Supreme Court of Canada says bankrupt energy companies must clean up old oil, gas wells before paying off creditors

Supreme Court of Canada says bankrupt energy companies must clean up old oil, gas wells before paying off creditors

CALGARY—When energy companies go bankrupt, the cleanup of their old oil and gas wells must take priority over paying off creditors, the Supreme Court of Canada ruled Thursday.

Though centred in Alberta, the 5-2 decision sets a precedent across Canada, empowering provincial governments to stop defunct companies from off-loading their messes onto other companies or the public.

“Bankruptcy is not a licence to ignore rules,” wrote Chief Justice Richard Wagner in the court’s decision.

The case revolved around the failure of Redwater Energy, a small oil and gas company that went bankrupt in 2015 amid the global oil price collapse. The dispute is between the Alberta Energy Regulator (AER) and accounting firm Grant Thornton, which is Redwater’s receiver — a bankruptcy trustee appointed to liquidate a failing business.
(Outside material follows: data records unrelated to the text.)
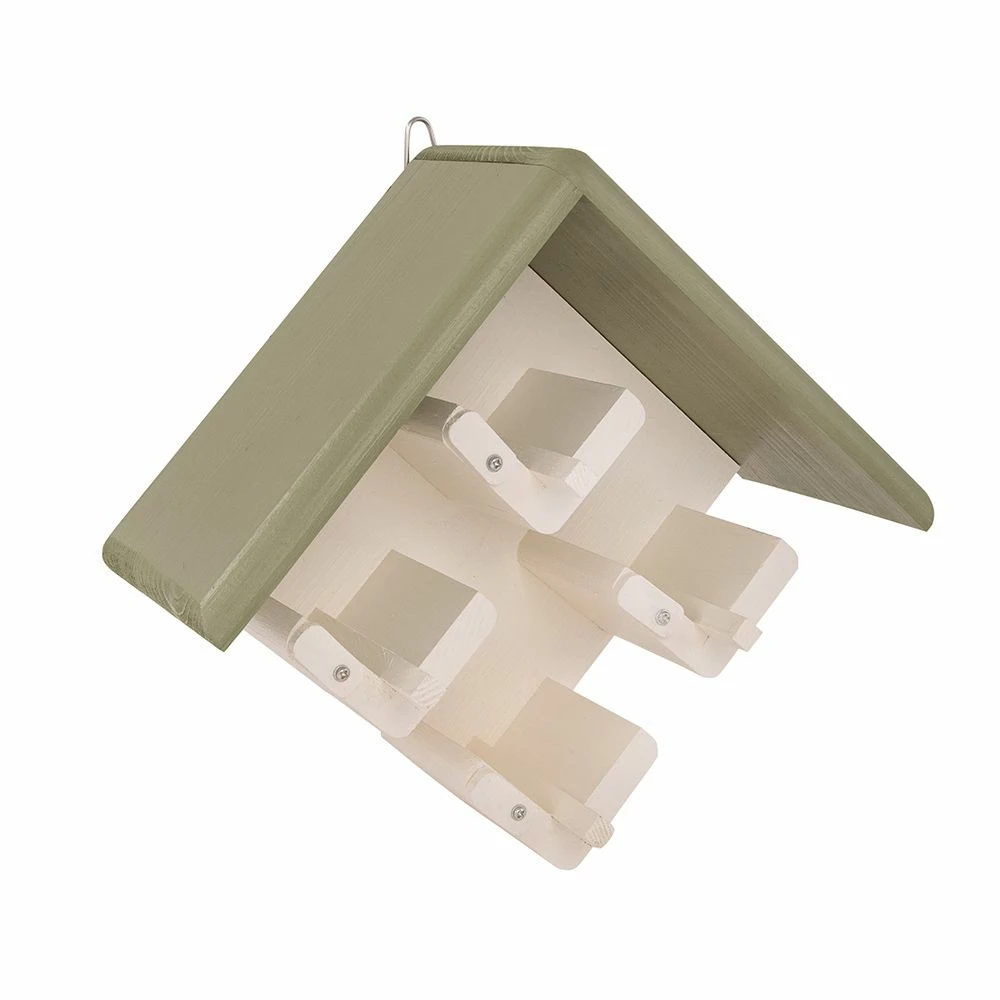 Dank des Hakens an der Rückseite lässt sich dieser Erdnussbutterglas-Halter problemlos an einer Mauer, einem Baum oder einem Lattenzaun aufhängen. Das Befüllen ist ebenfalls einfach: Den Deckel des Erdnussbutterglases abschrauben und das Glas unter das Dach in den Halter schieben. Wenn Sie es mit dem kleinen holzriegel sichern, kann das Glas nicht herausfallen oder einfach von Krähen oder Elstern mitgenommen werden.
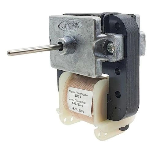 Motor ventilador para geladeira electrolux Código do produto: 64376966 Compatível com os modelos:Df34Df36Df37 Df38aDf38xDf39Df40aDfw35Dw39x Especificações técnicasMarca: joteckCabo com 2 conectoresSem sensorTensão: 127v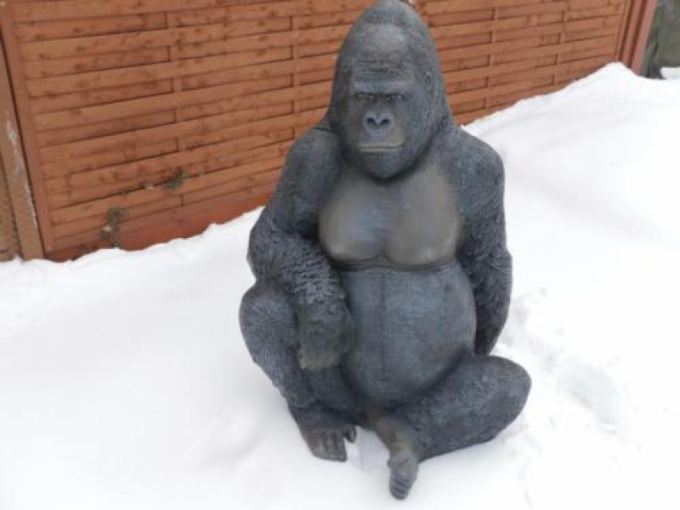 Der Gorilla besteht aus Polyrisin sowie Fliessmatten und ist f?r Innen und Außen geeignet.
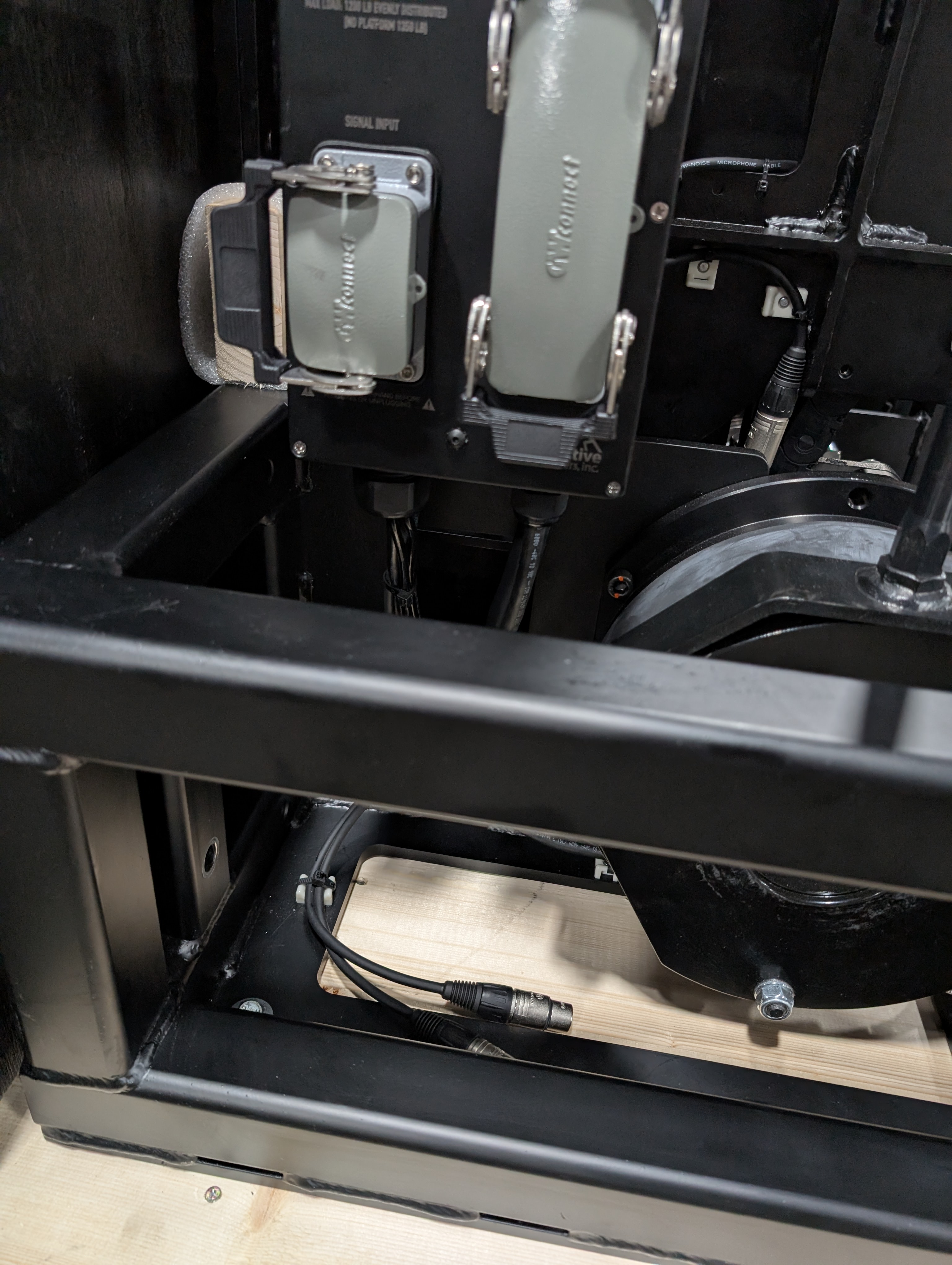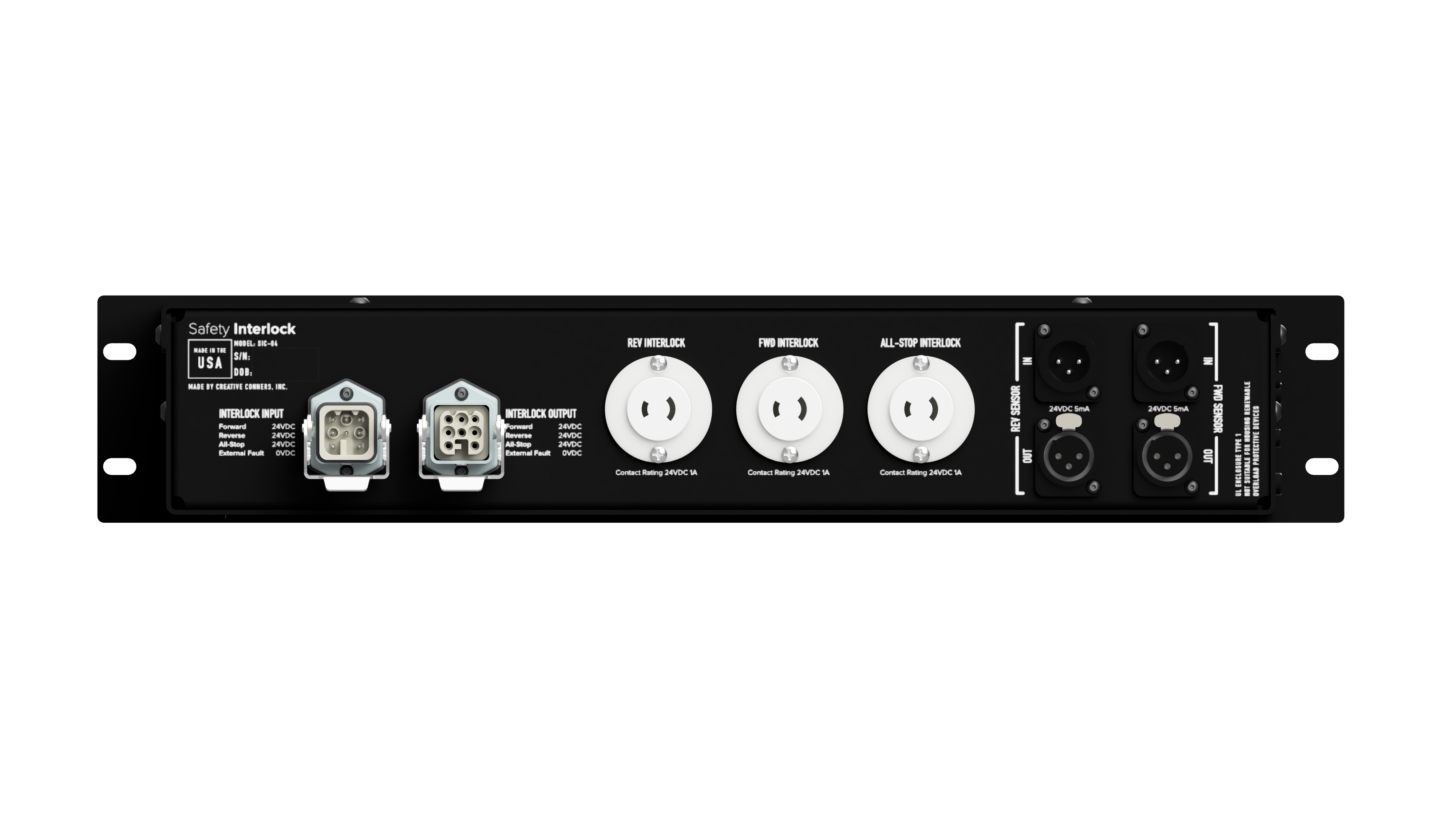 Connect the 3 pin XLR Safety Interlock cables from floorpocket bumper switches to REV Sensor In and Out on the Safety Interlock Box.
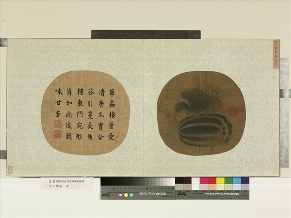 瓜果熟透,引來覓食的螽斯(又稱紡織娘),其生產力旺盛;瓜果多子,瓜葉、瓜鬚為蔓生植物,能綿延生長,故此畫蘊含有「祝願子孫眾多」的吉祥寓意。 瓜皮用老綠染,瓜稜填以赭黃,裂縫則以石綠淡染。瓜葉邊緣已枯殘,亦用赭黃漬染。本院所藏宋韓祐(活動於西元一一三一─一一六二年)「螽斯綿瓞」與此圖構圖書法相似。 本幅選自「宋人集繪」第三開。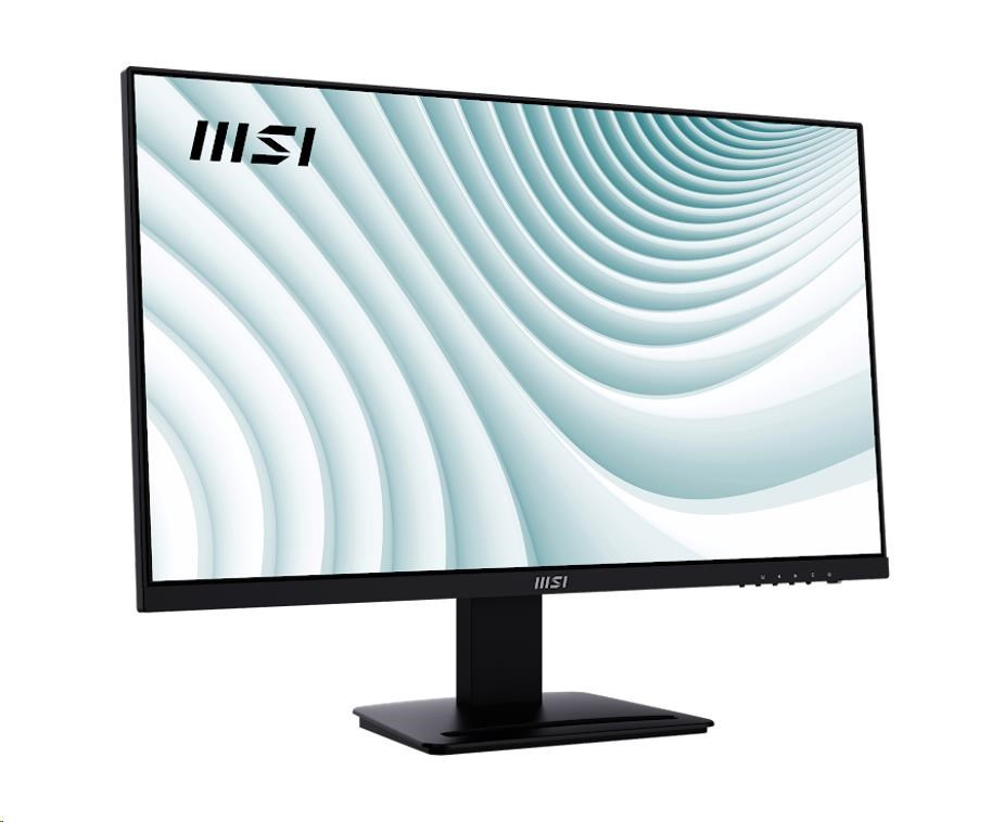 MSI LCD PRO MP273A, 27" 1920x1080, IPS, 100Hz, 1ms, VESA 75x75mm, N/A, BlackPoužití:Kancelářský; Úhlopříčka displeje ("):27; Rozlišení displeje:1920x1080 (Full HD); Výbava:Reproduktory, VESA montáž, Redukce blikání (flicker-free), Redukce modrého světla; Doba odezvy (ms):1; Typ panelu:IPS; Jas (cd/m2):300; Kontrast:1:1000; Obnovovací frekvence displeje (Hz):100; Povrchová úprava displeje:Matný; VESA rozměry:75x75.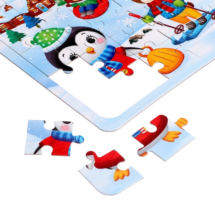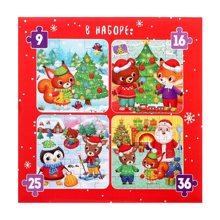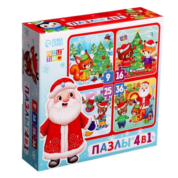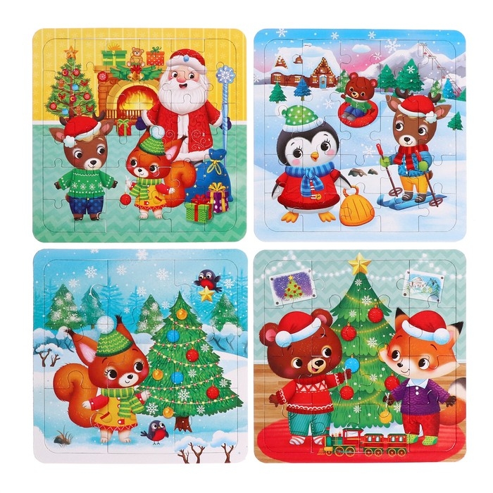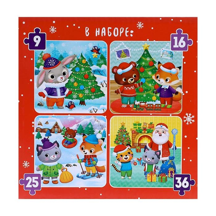 Пазлы 4 в 1 «Новый год у зверят», 9, 16, 25, 36 элементов

When Redwater became insolvent, it owed $5 million to provincially owned ATB Financial. Very few of the company’s wells were producing and profitable, while the rest were in need of expensive, legally required cleanup processes.

Under Alberta law, the move wouldn’t be allowed — money from the sale of Redwater’s assets should be used to return the company’s well sites to a natural state, the AER argued. However, that provincial law conflicts with a federal bankruptcy law, which gives priority in such cases to lenders.

Two lower courts found the federal law took priority over the provincial one and sided with the receiver. The Supreme Court heard the appeal, led by the AER, last February.

In the end, the Court decided there’s no conflict between the two laws, as the federal law doesn’t allow trustees of a bankrupt business to walk away from the company’s environmental liabilities. (The two dissenting judges disagreed and found the two laws are inconsistent.)

Though widely hailed as a victory by environmental groups, some noted that the decision doesn’t solve broader issues caused by insolvent companies’ environmental obligations.

“While the Supreme Court’s decision ensures bankrupt companies’ remaining assets first go to clean up, those assets are often insufficient to cover full costs,” wrote Jodi McNeill, a policy analyst at the Pembina Institute, a think tank focused on clean energy policy.

The case has attracted national attention and input from a wide variety of intervenors, third-parties who the court allows to make arguments in a case. The list includes provinces concerned about the implications — Saskatchewan, British Columbia, and Ontario — as well as environmental groups, Alberta farmers concerned about wells on their land, and the Canadian Association of Petroleum Producers (CAPP).

In its filings, ATB Financial suggested the fault lies with Alberta’s regulatory system, which unlike other jurisdictions, doesn’t require upfront bonds to cover cleanup costs. At the time it went bankrupt, the AER hadn’t required Redwater to post any financial security.

The reversal of the lower court decision could also drive away investment in the already-struggling energy sector, ATB Financial argued.

However, the AER argued that the impact of dismissing its appeal would be “catastrophic,” potentially putting the public on the hook for “billions of dollars in environmental costs.” Not only would it undermine a long-standing system, the regulator said, it could drive up the number of orphan wells, encouraging lenders to place companies into insolvency and dump weak assets.

CAPP also sided with the regulator, saying a dismissal of the appeal would unfairly push the financial burden onto responsible companies.

In November, a joint investigation involving the Star found the cost of cleaning up Alberta’s oil and gas wells could reach $100 billion. So far, the AER has collected $200 million in security.

Meanwhile, the Orphan Well Association currently has more than 3,000 wells in its inventory, up from about 700 in 2015. The Supreme Court’s decision notes it may take a generation to complete the cleanup of the association’s current backlog.